The grown ups were most satisfied with Maya's line of reasoning but looked puzzled, insulted, even disturbed They saw too much of themselves for comfort, but this soon passed and they all nodded in agreement.

All except father. He whispered aggressively to her ear, "Enough of your antics. You will not ruin this dinner. Do you understand?"

Matthew gave her a deeply suspicious look. "I'd listen to dad if I were you,"

Maya gave a sneering smile. "How's damage control going with the Crusaders? I heard there's a lot to clean up down there."

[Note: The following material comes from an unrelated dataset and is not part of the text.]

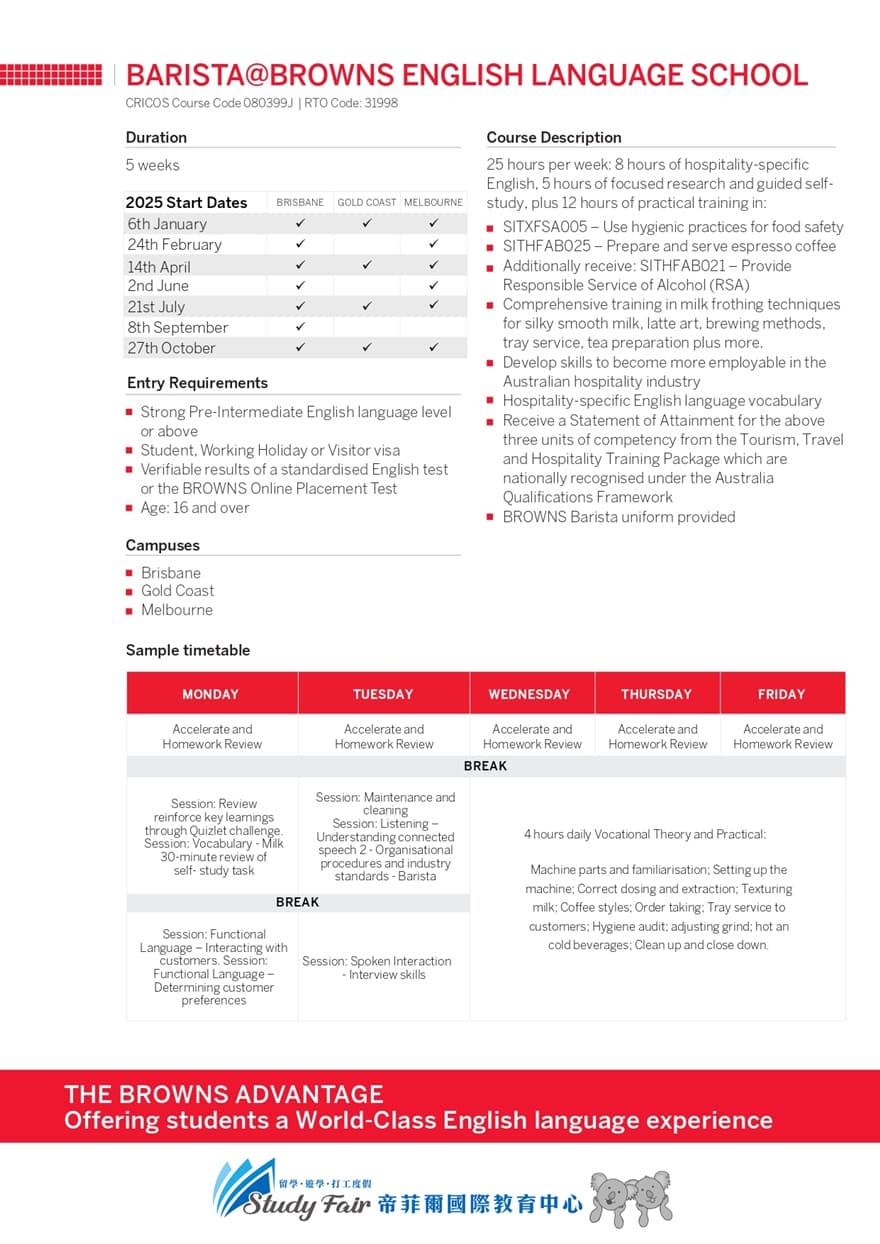 參加 Barista@BROWNS 計畫,為職場成功做好準備!

Matthew bore down on her with an icy stare stating all to clearly how much he wanted to kill her if he only had the chance, but Maya was unfazed. He couldn't believe she was the same brat he brutally owned at the beginning of the school year! He grumbled, "To actually have to duel to keep my career afloat."

"Having to work is hard, I know. But hey, you earned it kid."

A few servants, the best word for them, tinkled out what seemed to elevator music or jazz scrubbed whiter than crystal meth. The music was sweet, delicate, cloying, almost ashamed to exist. Maya let herself sink on the table, staring at a half-empty wine glass. The revolution was over. Music was put in her place where she belonged, reduced to background noise and entertainment, no longer a strong character that stood on her own. The piano once more became a harp turned on its side.

Father was in the middle of boasting about her? Yes. No. It couldn't be!

"Yes she is a straight A student on top of everything." Father smiled. "She even was a child prodigy but she'll never want you to know it! She can play the piano to expert levels and some viola to boot! She's also a great duelist. She just won the Regionals last weekend…"

What? Maya didn't know what to make of it. It was so bewildering! At home he never once spoke like that. His words were only cold and mean, but now he was proud of her, like she was actually worthy of existing. She didn't know how to feel. What she did feel was in a nebulous wilderness of shock, confusion, tenderness, and suspicion. Maybe he was phony this whole time. That would be more comfortable.

"Hey," Father nudged her sharply. "Be with us. Mr. Carter and the others would like to hear you play. I told him you can really play some Mozart or Beethoven piece. Don't disappoint them."

Now she was the servant, the circus girl to please them. Why should she? They never cared about music and what she meant or what she was saying. She was just to be bought and sold, and turned into a respectable woman. If she wasn't irritated then she was now. She would not give it too them. She would not turn music into their supermodel porn star.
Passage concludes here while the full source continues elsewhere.